Totally understand this question - which is what brought me to ask you guys. The users/public needs to see links to PDFs. This company gets requests all the time for housing forms, etc. that the public needs to print, email, etc. So, PDF is the best format.

Do you all know of a program that could scan a page like this ([thda.org ]) and download all of the linked PDFs? That would certinaly help. The reason I need this is because each Department here has saved their PDFs in different folders, and I don't have full access to every folder, nor do I want to spend the time asking each staff member where they've saved their PDFs, find them, upload them, etc. Make sense?

If I at least had a program that I could input a URL, and it download all linked files, that would save me DAYS of work.

ergophobe

2:59 pm on Mar 9, 2015 (gmt 0)

WebmasterWorld Senior Member 10+ Year Member Top Contributors Of The Month



This can easily be done on any *.nix with wget piped through grep or sed.

You might be able to do it with a little more hassle and a lot more GUI with something like XENU or Screaming Frog. I've never tried to use them that way, but maybe.

If I had a list of pages I needed to scrape in a text file, then I would definitely pipe that to wget, pipe the results to sed and output to a file. Or actually I might have wget output the results directly and then use Powergrep, my go to text processing tool on Windows, and have it generate the HTML.

motifman22

3:25 pm on Mar 9, 2015 (gmt 0)

10+ Year Member



Thanks, ergo

How does wget name the files it downloads? Does it have to keep the original file name? Or can I force it to rename the files using the link text (as shown on the page). The latter would be helpful due to staff naming their files in various structures.

lucy24

4:09 pm on Mar 9, 2015 (gmt 0)

WebmasterWorld Senior Member 10+ Year Member Top Contributors Of The Month



Or actually I might have wget output the results directly and then use Powergrep, my go to text processing tool on Windows, and have it generate the HTML.

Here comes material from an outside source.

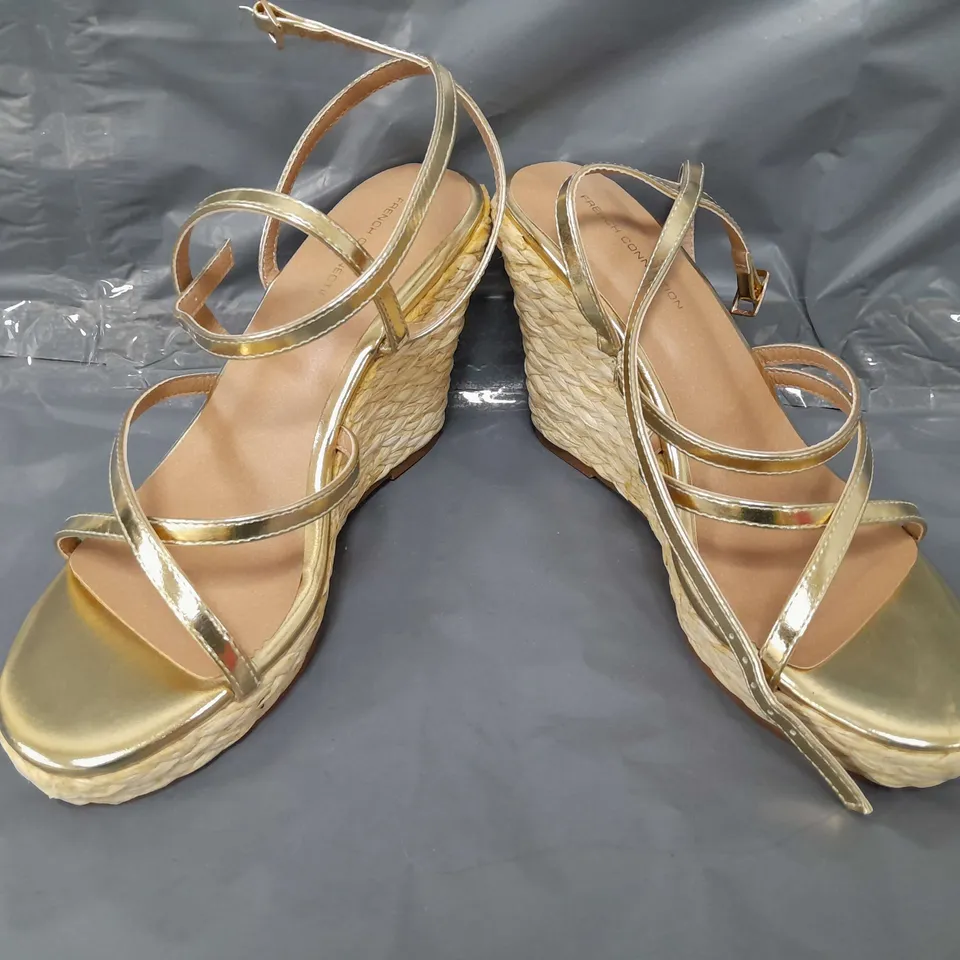 BOXED PAIR OF FRENCH CONNECTION WEDGE STRAPPY SANDALS IN METALLIC GOLD UK SIZE 5

In the course of experimenting, I opened a window in Fetch to show a directory on my site, cmd-A, cmd-C (in That Other Platform I suppose it would be ctrl), opened a page in the text editor and said cmd-V. "Having reduced the problem to a previously solved one" * I didn't do the final stage, which is converting all those filenames into <a href blahblah. But anything that can be done manually can be done automatically with the appropriate program. (Er... it can, can't it?)

How often does the list of available pdfs change? Continuously and dynamically, or is the uploading done by a single designated person?

Psst! Next passing moderator! Could you tweak the title of this thread? I keep thinking it's about displaying the content of a whole slew of pdfs all at once, which is a pretty ghastly notion.


* Punchline to approximately half of all mathematician jokes, ever.

phranque

1:45 am on Mar 10, 2015 (gmt 0)

WebmasterWorld Administrator 10+ Year Member Top Contributors Of The Month



getting the list of pdfs linked from a list of pages is easy.
downloading that list of pdfs is easier.
maintaining and associating all the list content and structure for reuse is a harder problem.

phranque

1:47 am on Mar 10, 2015 (gmt 0)

WebmasterWorld Administrator 10+ Year Member Top Contributors Of The Month



ps - i tweaked the thread title.

lucy24

3:12 am on Mar 10, 2015 (gmt 0)

WebmasterWorld Senior Member 10+ Year Member Top Contributors Of The Month



maintaining and associating all the list content and structure for reuse is a harder problem.

Generate it dynamically with preg-replace-blahblah in php-or-equivalent, cache the resulting file(s) for 24 hours or so to reduce server load, re-generate page(s) at some dead hour like 5AM local time?